The Nerd’s Family ha deciso di intervistarla perché Giulia ha pubblicato da self, quindi contando solo sulle proprie forze, il primo libro della sua trilogia urban fantasy “Le Cronache della Congrega”. Oggi siamo qui proprio per parlare di questo romanzo, Il Tempo Perduto, un romanzo di streghe, magia, segreti vecchi secoli e maledizioni. L’intervista sarà divisa in due parti, perché c’è davvero tanto da dire! Iniziamo con la prima?

Ciao Giulia! Benvenuta!

Grazie! È davvero un piacere essere qui!

  1. Credo che il modo migliore per presentare il tuo libro sia attraverso le tue parole quindi ti lascio lo spazio per farlo: dicci qualcosa su questo primo romanzo. 

Temevo e aspettavo questa domanda perché io, nonostante l’abbia scritta, faccio fatica a parlare di questa trilogia, a trovare un punto di inizio e spiegarla chiaramente e senza tanti giri di parole inutili. Un’ottima presentazione, direte voi!

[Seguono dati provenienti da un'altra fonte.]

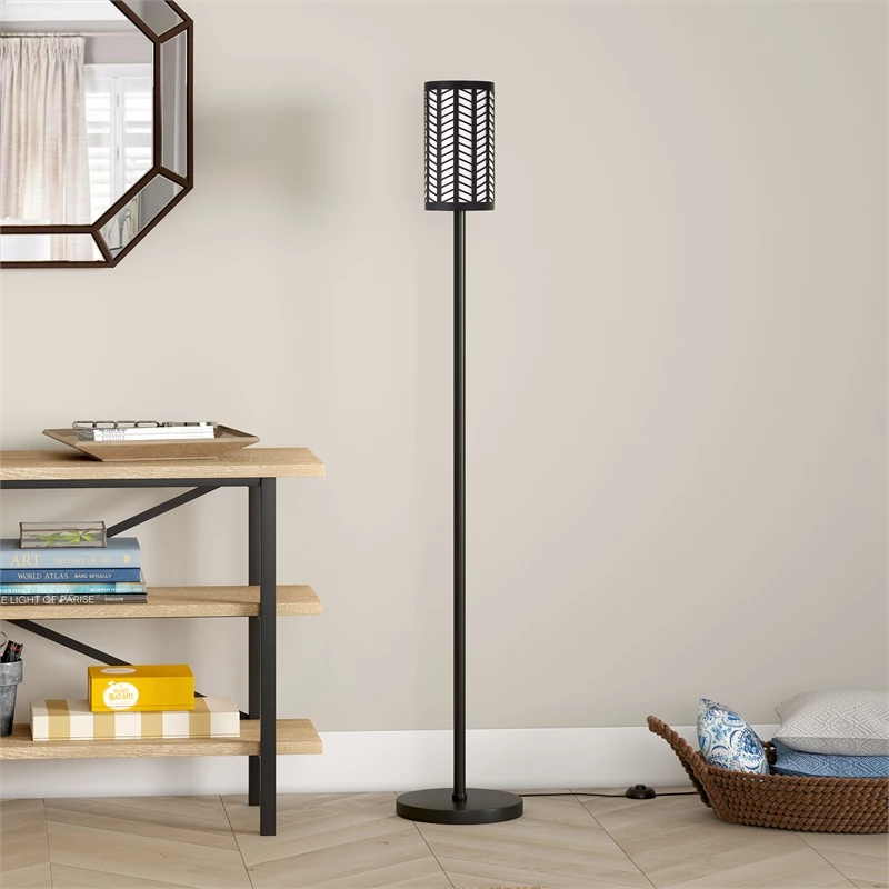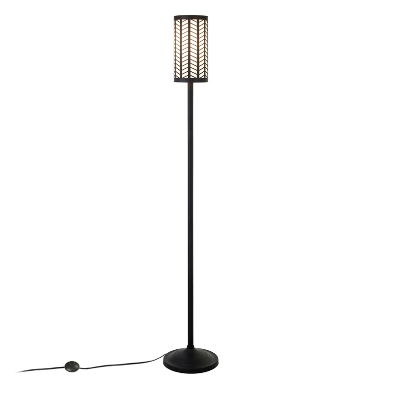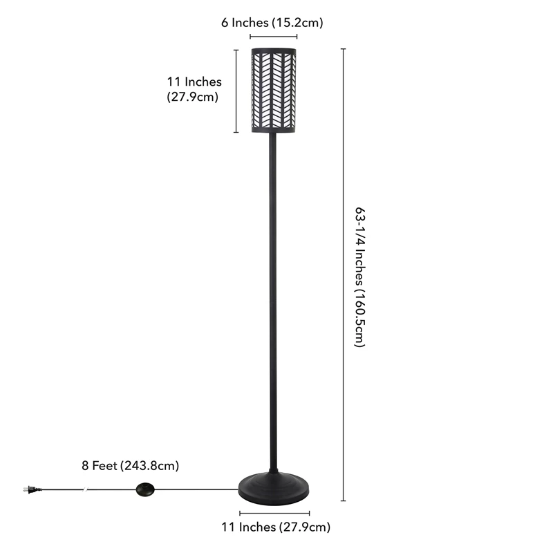This clean, chic, linear lamp is modern in design and will fit into many contemporary spaces Add a touch of whimsy to your lighting design with this playfully detailed floor lamp. The simple candlestick design is punctuated by a double-layered cylindrical shade, featuring a perforated chevron design in blackened bronze that creates a cozy contrast against the inner white diffuser. The perfect fit for your living room, bedroom, office, study, or any room that needs a modern stylish flair. .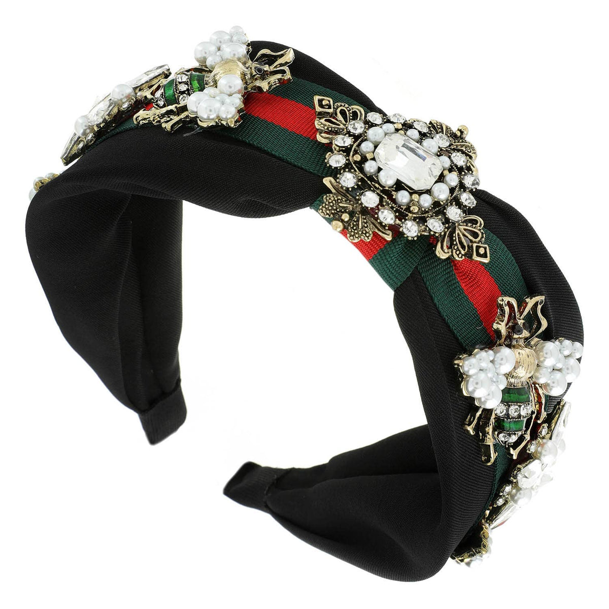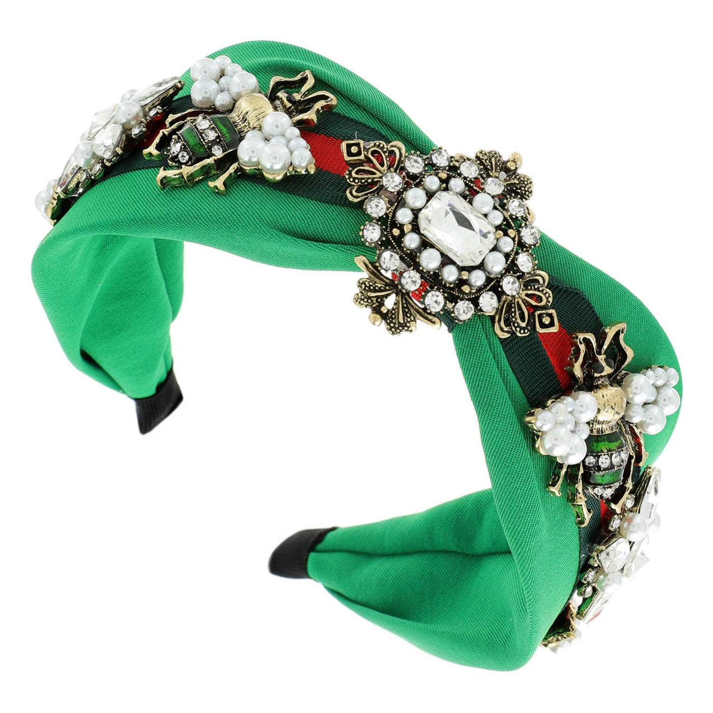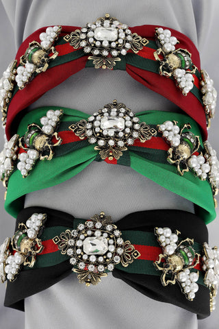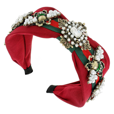 Make a statement with our Rhinestone Gem & Pearl Bee Green/Red Knot Stripe Headband. The headband features a bold and intricate design, with a knotted stripe pattern in Green and Red that adds a touch of festive flair. The centerpiece of the headband is a beautiful and articulate array of rhinestone gems and delicate faux pearls, alongside bees that are adorned with the same rhinestone gems and faux pearls as well. These details add a touch of glamour and sophistication to your look. The headband is made from high-quality materials and offers a comfortable fit that stays securely in place. This headband is perfect for adding a touch of whimsy and elegance to any outfit. Elevate your accessory game with our Rhinestone Gem & Pearl Bee Green/Red Knot Stripe Headband today.

Iniziamo a buttarla sull’ironico, provando a spiegare in molta sintesi di cosa parla Il Tempo Perduto grazie alle parole sarcastiche di uno dei protagonisti: «Oh, sai, le solite cose. Segreti vecchi di mezzo secolo, memorie perdute, demoni da uccidere…»

Ambientata nel 2014 a Los Angeles, vi ritroverete catapultati nelle vite di cinque personaggi immortali dall’aspetto di giovani-adulti ma con quattrocento anni di esperienze e dolore alle spalle. Un presente intervallato da diversi flashback sul passato che serviranno a spiegare, a loro tempo, le vicende importanti che li hanno portati alla situazione attuale, a cominciare dalla loro nascita a streghe e per finire al motivo per cui si ritrovano, dopo tutti i loro secoli di vita, in balia di un demone.

Il Tempo Perduto segue così le vicende di una Congrega di streghe, quella del 1661, in un momento particolare della loro esistenza: da duecento anni sono tormentati da una maledizione particolare donata gentilmente loro da un Principe dell’Inferno e, proprio quando crederanno di potersi finalmente liberare da questa condanna, accadrà qualcosa che farà perdere loro ogni speranza, dando inizio così a tutto l’arco narrativo del primo libro.

Tra segreti mai svelati, relazioni complicate e, spero, colpi di scena, i POV di Alais, Aron, Thea, Francis ed Elin, vi faranno entrare nella mente di ogni membro, dispiegando sempre di più i tasselli delle loro vite intrecciate.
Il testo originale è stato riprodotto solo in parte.